Article Summary
Everyone agrees that electronic medical information system will benefit billions of people; however, the implementation of this system is not easy as it seemed at first. The problems on the implementation are such as interoperability within a system, security and reliability concerns on the sensitive health information, and the critical nature of health data that a failure can result even a death.
These days everything seems to go digital/electronic. Since the health care, or the medical information, is rich and can be huge in data volume, so it is on its way to go digital. However, there are a lot of barriers to work this out and I found it to be a snap shot of a tension between human vs. computer.
Doctors and practitioners are complaining to moving from paper to screen since they have been working with papers for years. Protected by their horrible hand writing, the medical profession certainly had their own culture which causes the information inequality between health service provider and consumer. In this case, the electronic system will benefit more on the side of patients because the electronic system lets them access their own information easily. This is a good thing for the larger population, but there are drawbacks that we, the information architects to conquer.

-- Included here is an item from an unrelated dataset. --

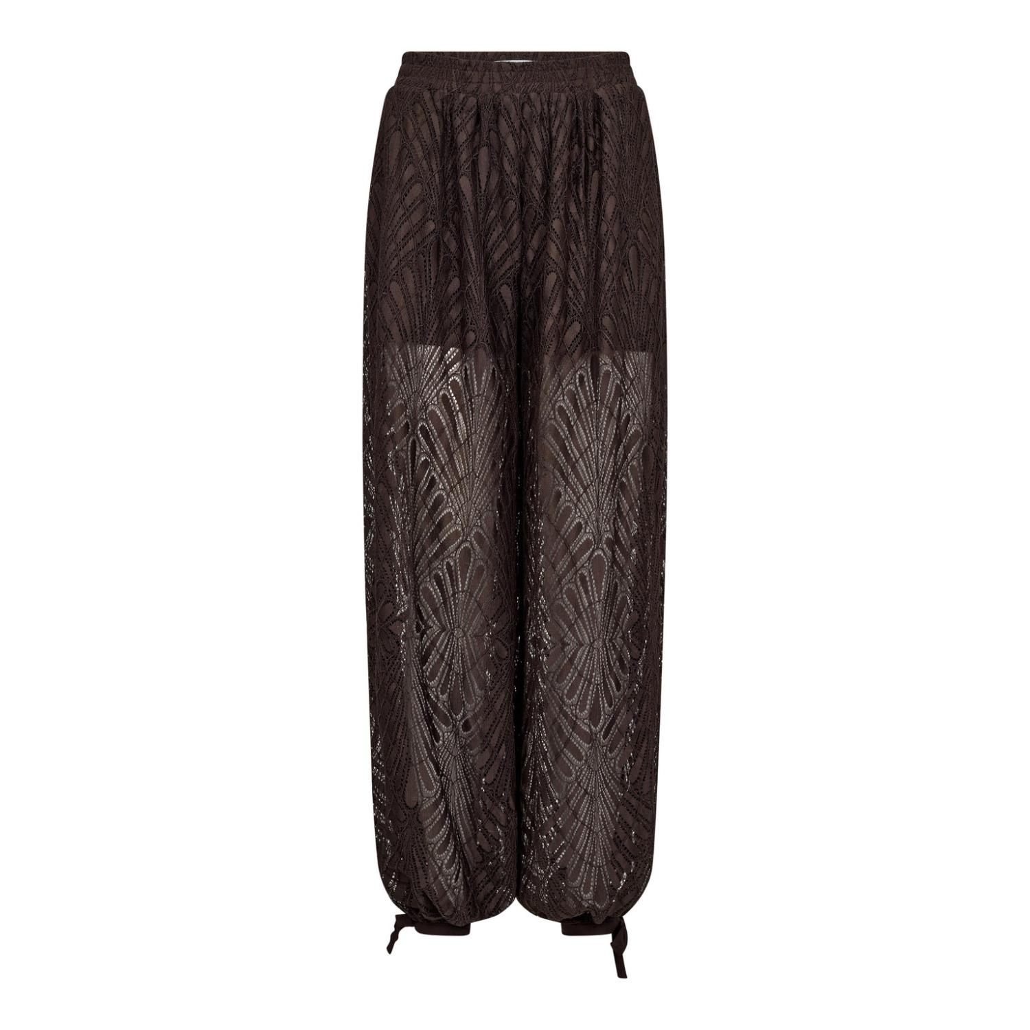 Mörkbruna geombrutna ballongbyxor i spets, fodrad ner till låret.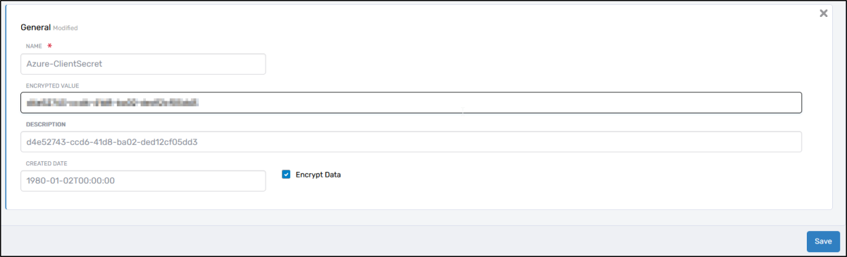 • Encrypt Data - Select the checkbox if you want to cipher the value.

Like the financial data, the health information is very sensitive, but on top of that, the health data is a lot more critical. A simple mistake can cause a life. Triple or more back-up system should be built with the highest level of security. The system shouldn't be out or breached in any case. On this matter, this medical system is different from other systems. Who is going to be responsible? The provider software/systems want to bail out from this responsibility just like other systems telling it depends on its user. The users, health practitioners, however, will blame at this new black box which hinder them to be the most efficient (doubling documenting time etc). Is the black box, or the new medical information system really neutral and smart enough to give advices to treat people?
Interoperability is one thing that we encounter throughout this course too. In the context of metadata of a person/patient, different fields/departments used different vocabulary for the same thing and categorize/classify it in a different manner. The info structure built for the physicians are different from the one for the pharmacy or else. For the future, if the structure could achieve extra-operability(between different hospitals) it will be great. Will the standardized structure ever be possible, if then, who can build the one for everyone?